Commercialization of HONY worries Stanton because he believes it could negatively affect the energy of the project.
“[Humans of New York] has this energy behind it. People are very passionate about it,” Stanton said. “I think a lot of that passion stems from the idea of somebody stopping random people on the street and documenting them out of a respect for their humanity and an interest in them. When you bring money into anything, it dilutes that energy, and I want to be very careful.”
Dave Adams, a senior public relations major from Kennesaw, Ga., said he enjoys Humans of New York because of the emphasis on the person rather than artistic composition.
“I like the fact that it’s not so much focused on the composition of the photos as much as it is portraying the person raw,” Adams said. “It’s really about the person…that’s what I like about it, it kind of lives up to its name.”

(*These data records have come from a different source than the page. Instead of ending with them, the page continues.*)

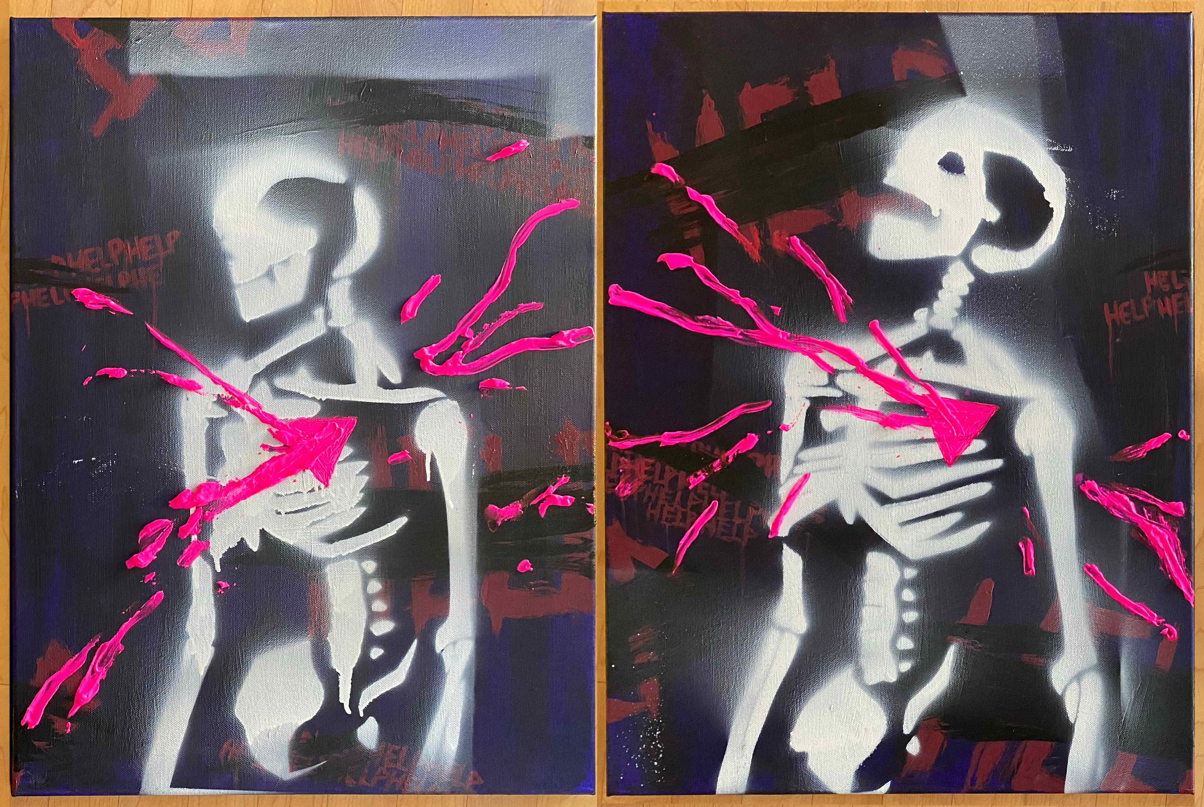 Acrylic and spray paint on canvas. A painting inspired by the Act Up movement.
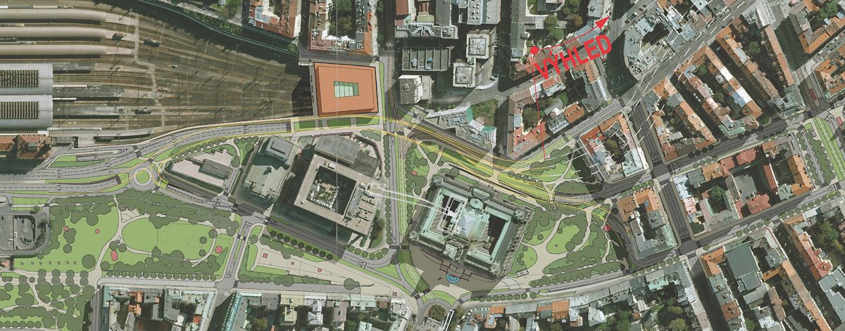 Situace zklidnění Severojižní magistrály v oblasti Národního muzea (© 2008 SATRA a VHE )
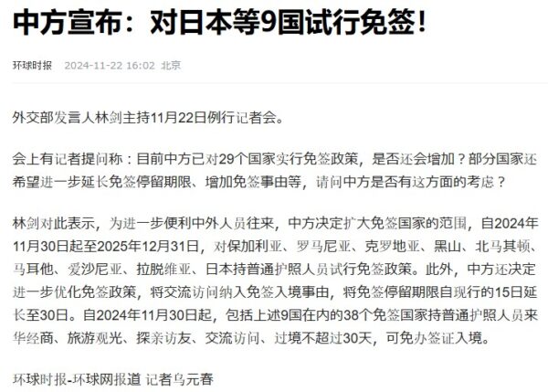 目的は、中国と海外各国との人員の往来を一層活発にするためと触れています。ビザ免除対象国に日本が含まれました。
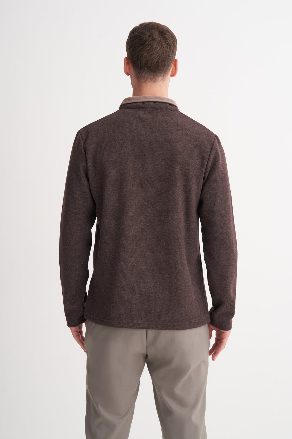 Slim Fit Dik Yaka Pamuk Karışımlı Selanik Sweatshirt

Stanton said he does not see HONY as a stepping stone to any sort of larger plans, but he does believe there will be books and other extensions of it. He also hopes to continue growing his audience and improving his photography.
Even though Stanton lives cheaply now — mainly off of savings from his previous job — he said he does not look toward HONY as a significant source of income.
“I’ve found what I love to do. It would be hard for me to enjoy my life more than I do right now,” Stanton said. “I’ve always said I don’t want HONY to be a means for me to achieve a certain lifestyle. I want it to be lifestyle in itself.”